Les autres, et c'est le plus grand nombre, pensent avec Locke, avec Gassendi, que des sens, il ne nous vient immédiatement que les premières idées, les idées sensibles, et que les idées intellectuelles, et les idées morales sont le produit du travail de la réflexion appliquée aux idées sensibles.

Les philosophes qui tiennent pour ce sentiment, sont dans la nécessité de prouver que toutes et chacune des idées qui sont dans notre intelligence, nous sont venues par les sens, soit immédiatement, soit à l'aide de la réflexion; et c'est aussi ce qu'ils ont essayé. Mais tous les efforts du génie n'ont pu en venir à bout, car le génie ne peut pas changer la nature des choses; il ne fera pas qu'il n'y ait qu'une origine d'idées, quand la nature a voulu qu'il y eût quatre origines. (leç. 2 et 3.)

Ce n'était pas assez de chercher à démontrer que toutes les idées viennent des sens. On a

voulu expliquer comment elles en viennent, comment un ébranlement dans l'organe est suivi d'une idée dans l'âme. Et ceci n'est pas particulier aux philosophes qui voient dans les sens l'origine de toutes les idées; il a suffi à d'autres d'en faire dériver quelques-unes de la même source, pour se croire obligés de nous montrer le lien de communication qui unit la substance matérielle à la substance immatérielle.

Voici ce qu'ont imaginé pour résoudre ce problème, et ceux qui prétendent que toutes les idées, sans aucune exception, viennent des sens, et ceux qui veulent qu'il n'en vienne qu'une partie.

Il s'agit de montrer comment des impressions sur les sens occasionent des idées dans l'âme. On a dit :

1o. Les objets extérieurs, en frappant nos organes, leur communiquent un mouvement qui se transmet au cerveau. Le cerveau agit sur l'âme, et l'âme a une idée ou une sensation; car on a presque toujours confondu ces deux choses. L'âme ayant ainsi une sensation, est affectée en bien ou en mal. Si elle souffre, elle cherche à se délivrer de la douleur.

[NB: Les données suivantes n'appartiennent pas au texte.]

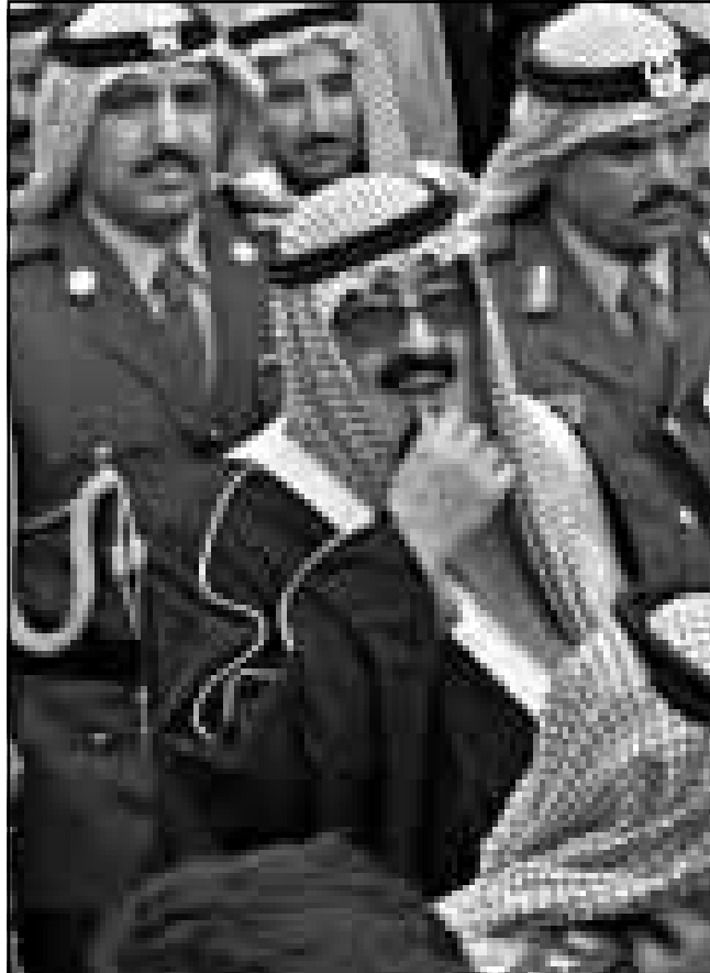
الامير عبد الله ولي عهد السعودية يشارك بتشيع جنازة الملك حسين

■ عمان - رويترز: الامير حمزة ولي عهد الاردن الجديد هو الابن الرابع والمفضل للملك حسين. دفع به ابوه الى الاضواء واعاد للسلطة مقلما الملك عبد الله مؤسس المملكة الاردنية الهاشمية مع قيده العاهل الراحل. كثيرا ما كان حمزة (18 سنة) يقف بجوار والده وهو يستقبل الزعماء الاجانب. وتلقى الامير حمزة تعليمه وعاش في الخارج لكن الامير الشاب وهو الابن الاكبر لزوجته الملك حسين الراحلة المتة نور الامريكية المولد يقاد يكون غير معروف لعدد كبير من الاردنيين. وفي سنواته الاخيرة نجح الملك حسين اكثر من مرة انه يرغب ان يتبع الامير حمزة الطويل القوام الاسود الشعر خطاه. وقال مسؤول بارز بالدبوان الملكي مشيرا الى تعلق العاهل الراحل بحمزة الذي كان بجواره اثناء علاجه من السرطان في الولايات المتحدة في العام الماضي لمدة ستة اشهر «كان الملك حسين يرى في حمزة امتدادا لنفسه». وبعد ان نجح الملك حسين في الشهر الماضي شقيقه الامير حسين من ولاية العهد واختار ولده عبد الله ليملا النصب الامير حمزة في عهد الثالث في اسبوعين. وفي خطاب ترقية الامير حسين من ولاية العهد اشاد العاهل الراحل بالامير بقوة عن سياسة ابيه.

Elle agit à son tour sur le cerveau, qu'elle remue;

le cerveau remue l'organe, et l'organe écarte, ou s'efforce d'écarter l'objet cause de la sensation.

Dans ce système, le cerveau est le siége de l'âme. On la compare à une araignée placée au centre de sa toile. Dès qu'il se fait le moindre mouvement aux extrémités, l'insecte est averti, et il se tient sur ses gardes. De même, l'âme placée à un point du cerveau auquel aboutissent les filets nerveux, est avertie de ce qui se passe dans les différentes parties du corps; et à l'instant elle apporte des secours, où elle les juge nécessaires. Le corps agit donc réellement sur l'âme, et l'âme agit réellement sur le corps. Cette action, cette influence, étant réelle ou physique, on a dit que le corps fluait physiquement sur l'âme, et l'âme physiquement sur le corps; et l'on a donné à ce système le nom d'influence physique, ou d'influx physique.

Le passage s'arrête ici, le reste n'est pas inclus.